Dry creek beds are also known as dry river beds or dry streams. In some areas, they go by arroyos, and you will often hear swale or landscaping swale as well. Back in the day, in Arizona, we used to call them river runs. So, if I was building a river rock or rip rap dry creek bed, it went in the proposal or estimate as a “rip rap river run” (or “river rock river run,” depending on which material we were using). It’s worth noting that for all intents and purposes, the terminology refers to the same element. Today they are most commonly known as dry creek beds.
Japanese Origins and Symbolism
In ancient times, garden artists of Japan began creating mini-versions of famous landscapes from their country. They were made strictly for their beauty, meant to be decorative and admired from specific vantage points.
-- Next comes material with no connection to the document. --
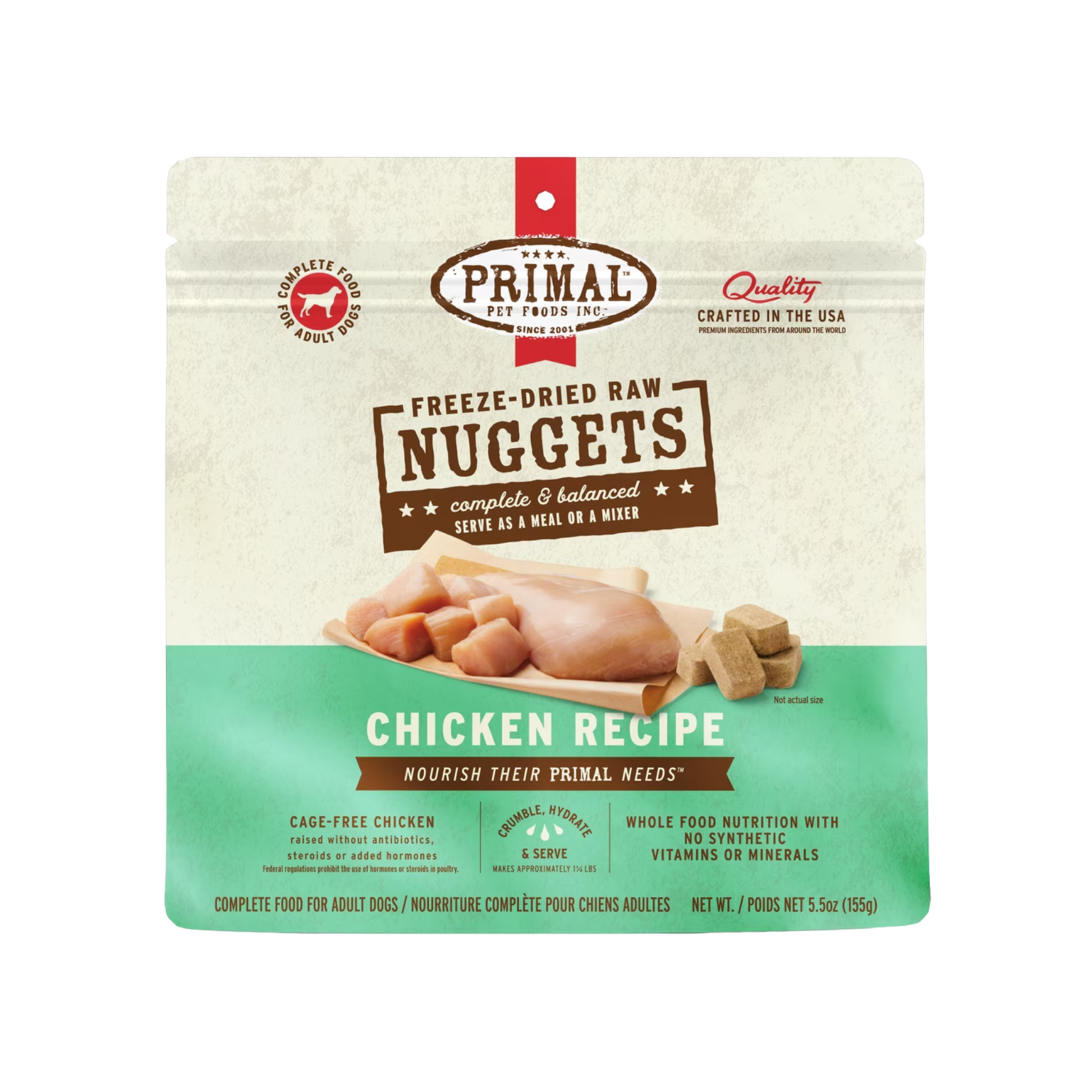Fuel your dog with wholesome, raw-inspired nutrition using Freeze-Dried Raw Chicken Recipe Nuggets Dog Food. Made with high-quality chicken and freeze-dried to preserve natural flavor and essential nutrients, these nuggets deliver rich, digestible protein and real-food goodness in every bite. Perfect as a complete meal or rehydrated for a softer texture, they support overall health, energy, and vitality while keeping mealtime delicious.

A veranda is an ideal place to view smaller gardens, and they keep this vantage point in mind.
More expansive representations produce the desired effect from a specific point along a path located within. As with the dynasties that marked specific periods of monarchical regimes, gardening styles follow suit and coincide with defined historical time frames.
Today’s dry creek beds are inspired by ancient Japanese dry gardens, which use various kinds of rock to mimic the appearance and flow of water.
In the Japan Heian period of 794-1185, when Buddhism was at its height, early Japanese rock gardens came into existence and rose to popularity. The style is known as Karesansui in Japanese, which means dry landscape or dry mountain stream, depending on the source.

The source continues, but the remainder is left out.